GB84

In taut and gripping prose that often feels like the relentless text of a surveillance report, GB84 tells the story of the British coal miner’s strike of 1984—including the actual bombings, riots and protests that brought the country to the brink of civil war.

Called by its author “fiction based on fact,” the book depicts a real-life 1984 more violently dystopian than even Orwell imagined. Slowly starving strikers find themselves pitted against a prime minister—Margaret Thatcher—determined to crush them . . . a police force willing to use infiltration and violence to achieve her will . . . and equally hungry scabs who need a job . . .
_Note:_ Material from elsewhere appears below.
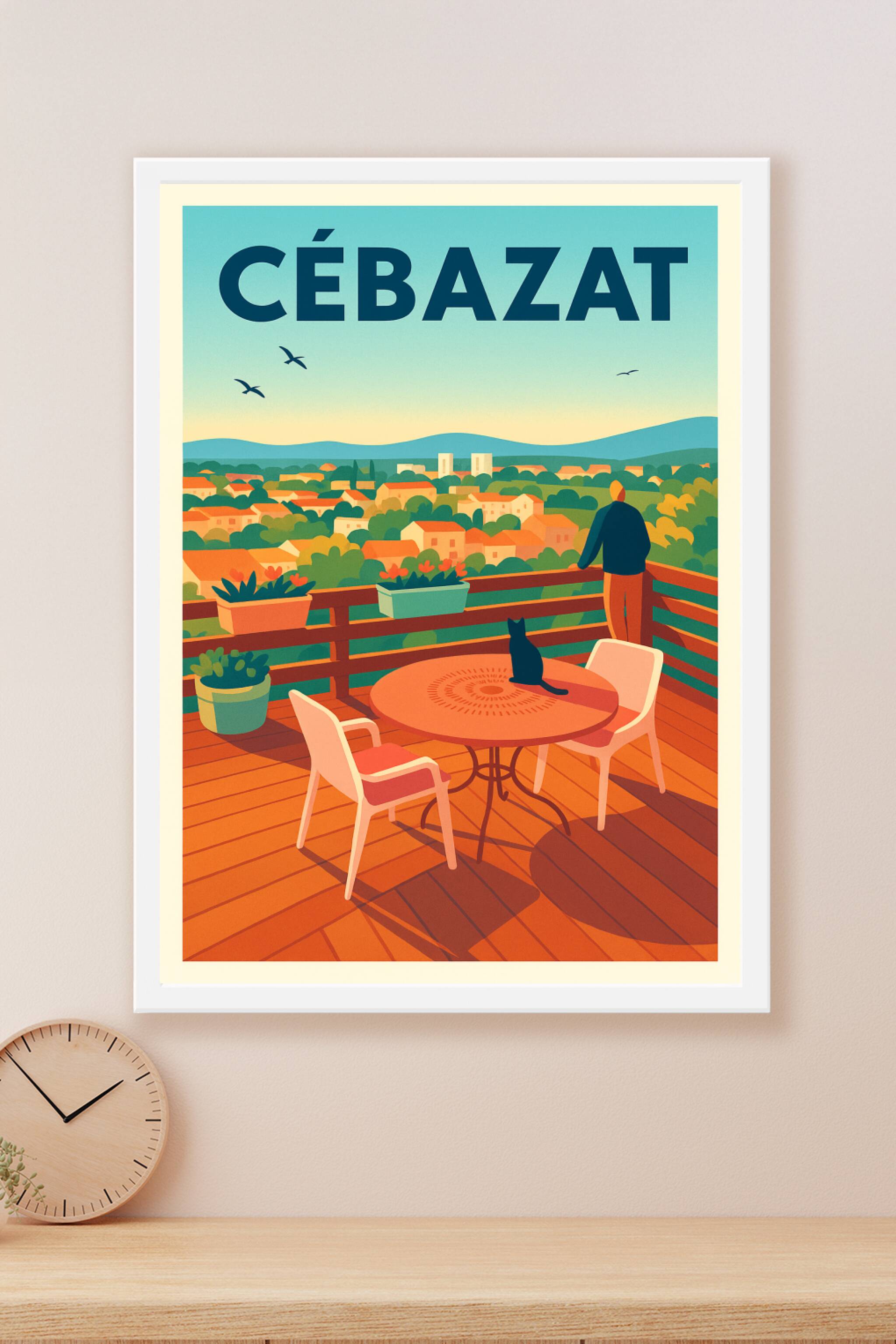 Cette affiche colorée et chaleureuse capture un moment de sérénité à Cébazat, où un personnage contemple un panorama bucolique depuis une terrasse ...

Mixing real events and characters with the voices of the increasingly desperate strikers, the book becomes a stirring saga of courage against overwhelmingly sinister forces, and paints a searing and haunting portrait of events that changed the course of British history.

DAVID PEACE – named in 2003 as one of Granta’s Best of Young Novelists – is the acclaimed author of the Red Riding Quartet (197419771980, and 1983), which was adapted into a BBC television series that was released theatrically in the United States, and is currently being adapted into a major motion picture directed by Ridley Scott. Peace is also the author of the highly praised Tokyo Trilogy, which so far includes Tokyo Year Zero and Occupied City. His book GB84 was awarded the James Tait Black Memorial Prize, and The Damned Utd was called “probably the best novel ever written about sport” by The Times (UK). His newest book, Red or Dead, was shortlisted for the UK’s prestigious Goldsmith’s Prize.

“Peace is known more for his Red Riding Quartet, but, to my mind, this retronymic dystopia is his best book. Originally released in 2004 — twenty years, obviously, after 1984 — and set in Thatcherite England, the novel is an epic political hothouse and construction of genius that is, if anything, grossly underrated.”
Flavorwire, 50 Best Independent Fiction and Poetry Books of 2014

“It’s history as noir in the style of James Ellroy, political and compelling.”
Brooklyn Magazine, Eight Books to Read in November

“This is a big book about one of the most important struggles in British history… As a novelistic rendering of history, GB84 is first rate.”
Barnes and Noble Review

“A behemoth of British fiction.”
Flavorwire, Must-Reads for November 2014

“Profoundly moving.”
Bookslut

“A curious, intense, formally innovative thriller from the Herman Melville of soccer fiction.”
WORD Bookstores, Books of the Week, on Largehearted Boy

“A conspiracy thriller laced with apocalyptic poetry.”
The Independent

“The writing is clever, terse, incisive… This mammoth conspiracy tale is a thriller daubed with horror.”
The Scotsman

“Superb . . . He has turned the whole episode into a gripping thriller, with no detriment to documentary realis… GB84 is a bold mixture of thriller, monologue, theatre script, chants, slogans, crime story, sexual subplot and documentary fiction… This is an epic novel…a crowded, ambitious, quick-moving novel, and as such is the literary equal of the epic events it commemorates.”
The Guardian

“A violently original novel.”
The Times

“Exhilarating… Compelling.”
Times Literary Supplement

“The book is so compelling… Peace’s terse, urgent sentences are perfectly suited to depicting a large-scale confrontation. The tactics and resources of both sides, their histories, their mindsets, the likely battlefields—all are vividly laid out in little more than a few paragraphs. Alliteration and repetition establish a marching rhythm like massing pickets or policemen… Only a rare political novel manages that.”